**What is expected**
For this exercise, copy exactly the lines below from the one with "Cotton Canvas Tote" through the one with "Post-it page markers" and leave out the pictures.

**Extracted information**
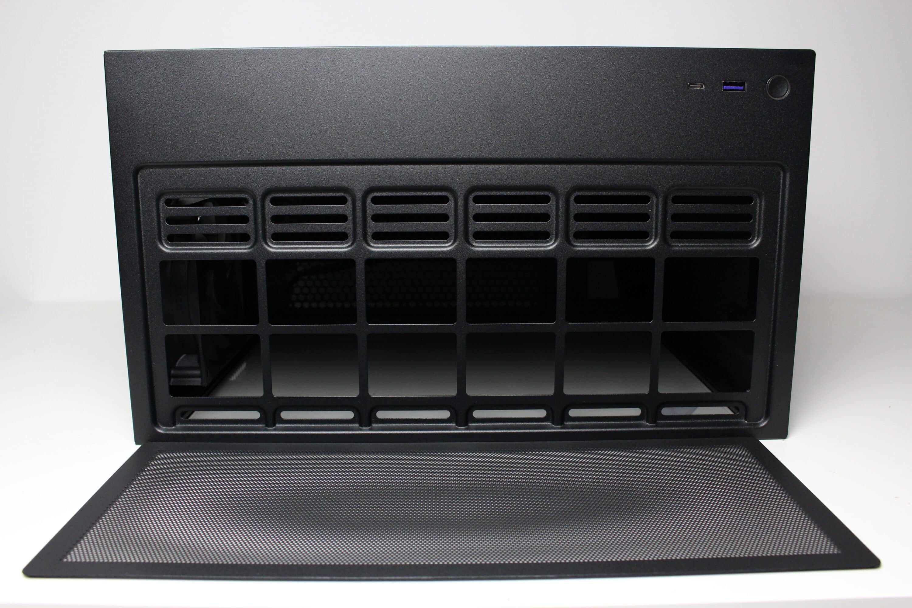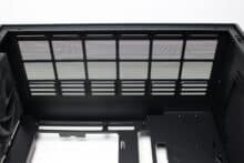 The lid section is characterized by an open mounting frame for two 120 mm or 140 mm fans or a correspondingly large radiator. NZXT has placed a magnetic mesh filter above the opening to protect against dust and to achieve a uniform overall appearance. The I/O panel, which can also be found in the lid, only consists of the bare essentials. There is a white illuminated power button, a USB-C port and a USB-A port.
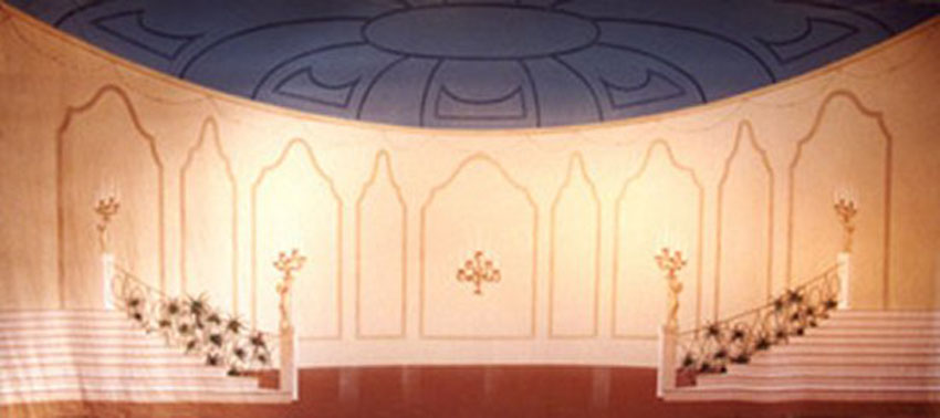 C – Backdrop has been rented several times and has mild cracking of the paint. Will have repairs and stains visible from closer distances and under certain lighting. Usable for most venues and can be improved with proper lighting. Best used on stage and some distance from the audience.
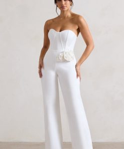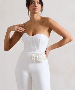 Seraphine London™ reimagines classic tailoring with a romantic twist in this refined white jumpsuit. Crafted from a premium cotton blend, this strapless design features a sculpted corset-style bodice and sweetheart neckline for a flattering, feminine fit. A delicate floral corsage accents the waist, while the straight-leg cut offers timeless versatility. Ideal for weddings, garden parties or elevated summer events.
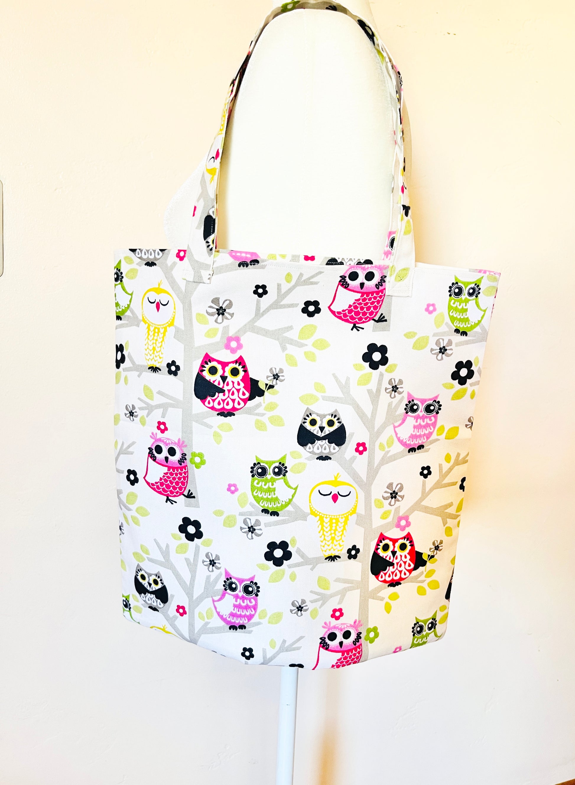 Cotton Canvas Tote Bag: Multi-Color Owls Print
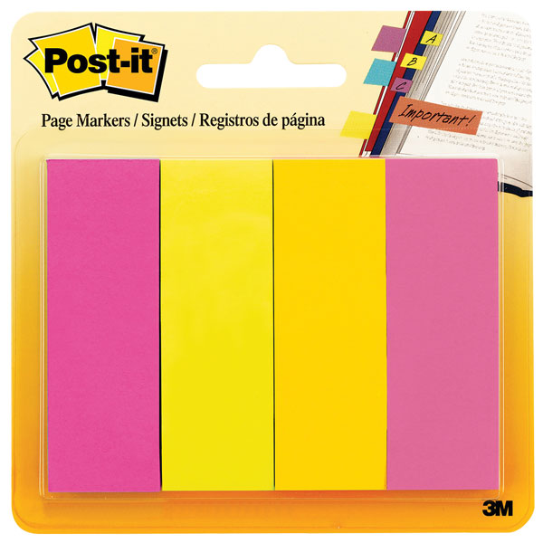 Post-it page markers in assorted bright colours and are easy to write on to leave notes where you need them
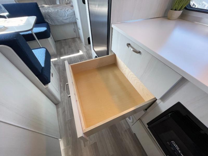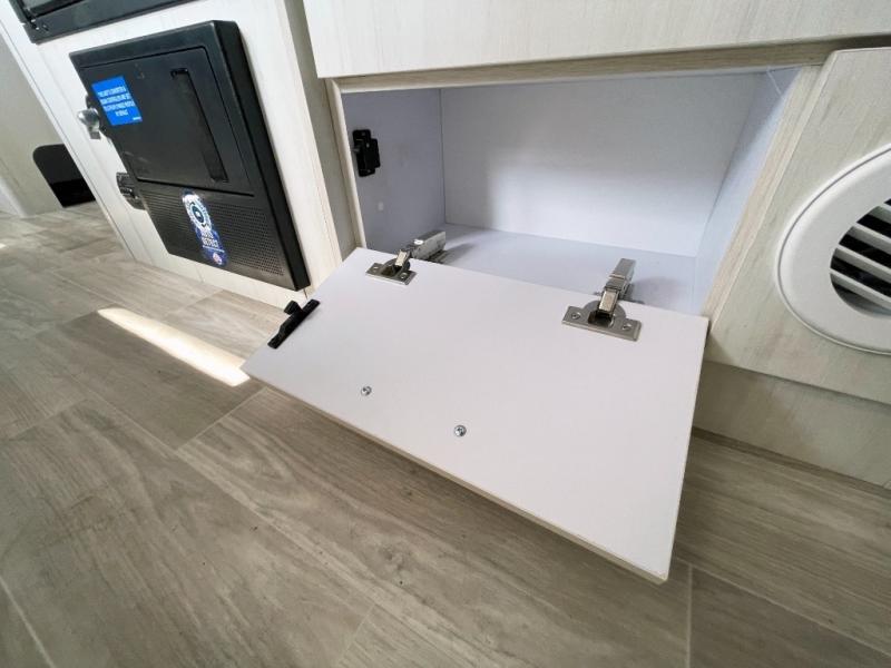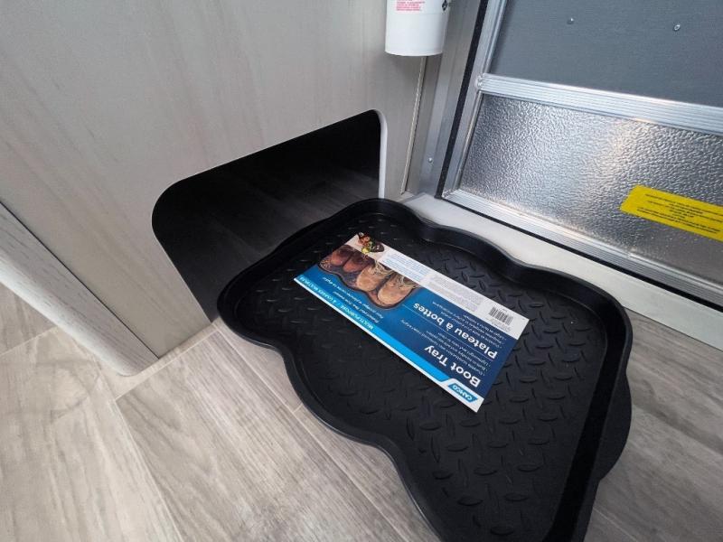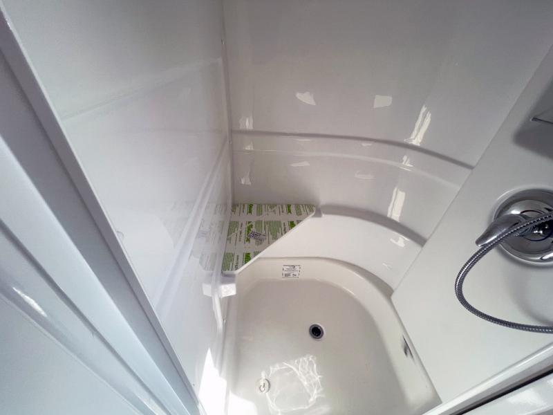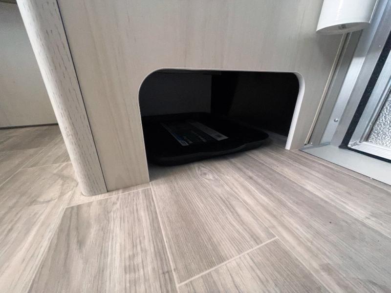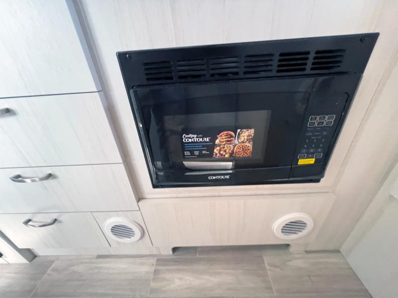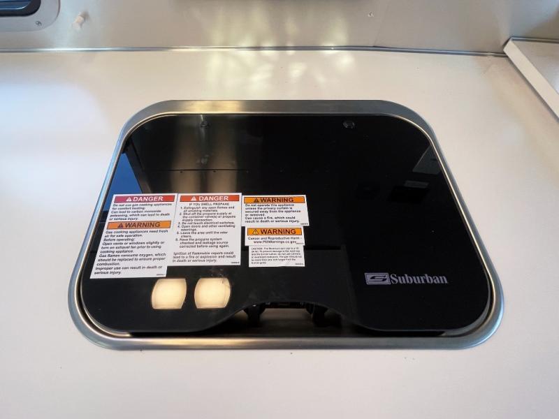 You're going to love every minute in this cozy travel trailer for four. The extra counter space in the rear corner kitchen provides more room to prepare meals, plus there is a two burner LP gas cooktop and a microwave oven to complete this area. The spacious full bath includes a shower with sleek countertops, a stainless steel sink, and cabinet storage for your toiletries. Your guests can sleep on the convertible dinette when it's not being used to dine at, and you'll have the front bed with a pillow top memory foam mattress all to yourselves. There is also a storage closet nearby to keep your clothes wrinkle-free!

**Exercise output**
 Cotton Canvas Tote Bag: Multi-Color Owls Print
 Post-it page markers in assorted bright colours and are easy to write on to leave notes where you need them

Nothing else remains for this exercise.